■ MATERIAL SHOWN:
##############################
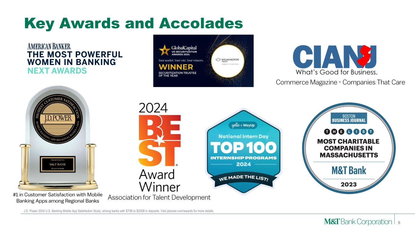 5 J.D. Power 2024 U.S. Banking Mobile App Satisfaction Study; among banks with $70B to $200B in deposits. Visit jdpower.com/awards for more details. Key Awards and Accolades
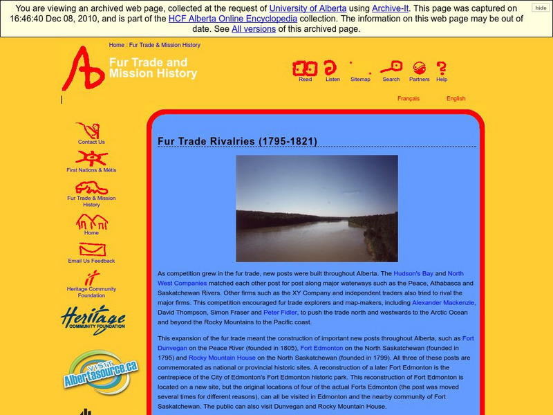 This Alberta Online Encyclopedia offers a website devoted to fur trading and mission sites in Rupert's Land, the area that would become part of Alberta. Listing nine separate sites, there are pictures, and an audio link to the "Heritage...
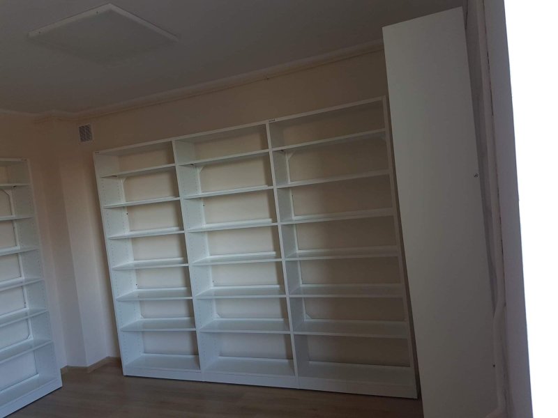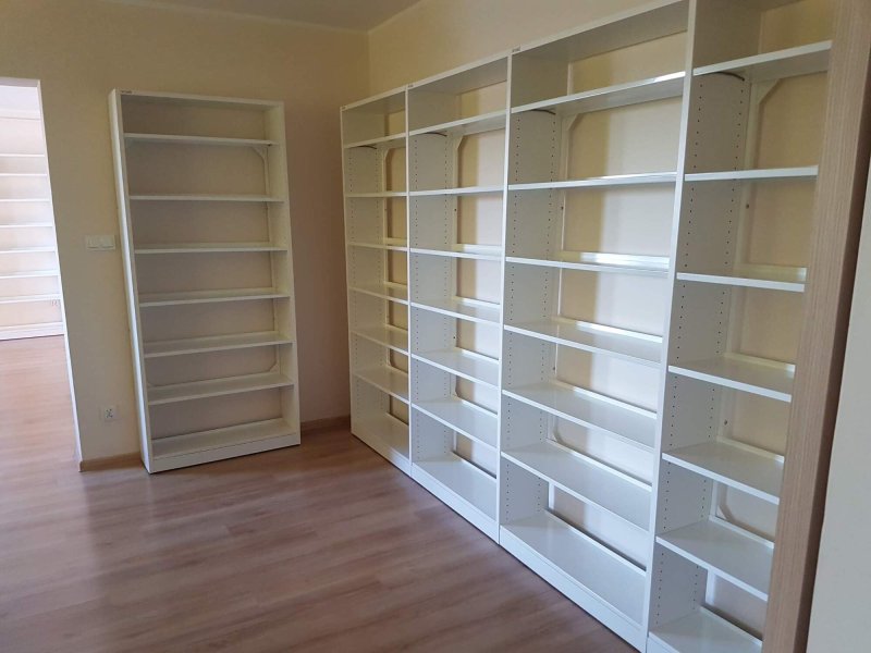Instalace knihovních regálů STEELA v Obecní veřejné knihovně v Rudzienicích, Polsko.
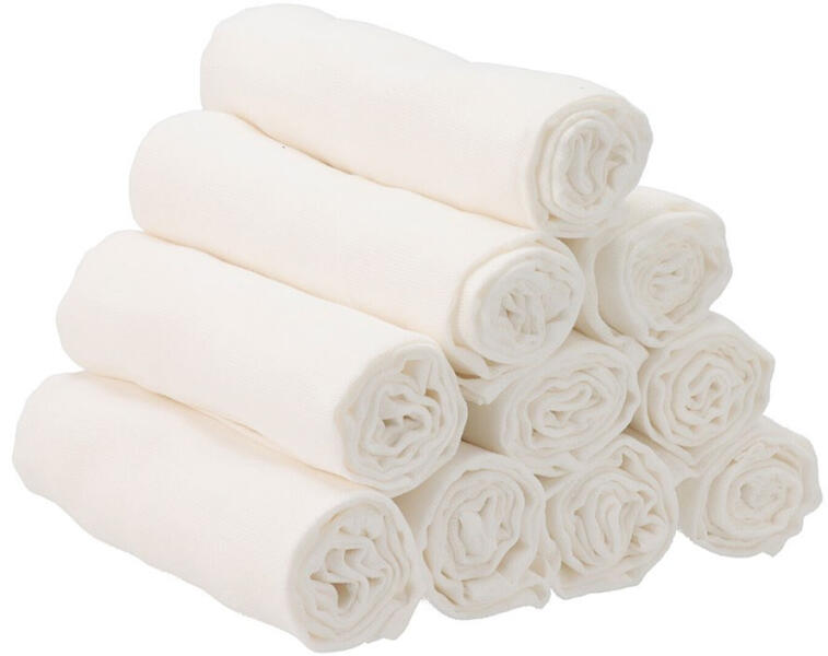 10 db-os vegyes pelenkacsomag. Tartalma: 5db fehér lux textilpelenka 140 g/m2 5db színes textilpelenka (a minták nem választhatók, és nem feltétlen a képen szereplőket tartalmazzák) Anyaguk: 100% tetra pamut A textilpelenkák mérete: 70x80cm
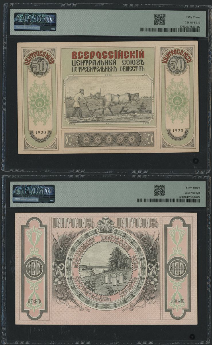 Central Union Consumers Society, Russia / East Siberia, 50 rubles and 100 rubles, 1920, serial numbers BB 04252 and AZH 09678, The Central Union Consumers Society were comprised of local societies and unions which were nationalised by the Communist Party, and were active in the creation of rural social infrastructure as well as the production of food and non-food products.
##############################
Your answer is all of the records restated word for word, pictures excluded.

 5 J.D. Power 2024 U.S. Banking Mobile App Satisfaction Study; among banks with $70B to $200B in deposits. Visit jdpower.com/awards for more details. Key Awards and Accolades
 This Alberta Online Encyclopedia offers a website devoted to fur trading and mission sites in Rupert's Land, the area that would become part of Alberta. Listing nine separate sites, there are pictures, and an audio link to the "Heritage...
Instalace knihovních regálů STEELA v Obecní veřejné knihovně v Rudzienicích, Polsko.
 10 db-os vegyes pelenkacsomag. Tartalma: 5db fehér lux textilpelenka 140 g/m2 5db színes textilpelenka (a minták nem választhatók, és nem feltétlen a képen szereplőket tartalmazzák) Anyaguk: 100% tetra pamut A textilpelenkák mérete: 70x80cm
 Central Union Consumers Society, Russia / East Siberia, 50 rubles and 100 rubles, 1920, serial numbers BB 04252 and AZH 09678, The Central Union Consumers Society were comprised of local societies and unions which were nationalised by the Communist Party, and were active in the creation of rural social infrastructure as well as the production of food and non-food products.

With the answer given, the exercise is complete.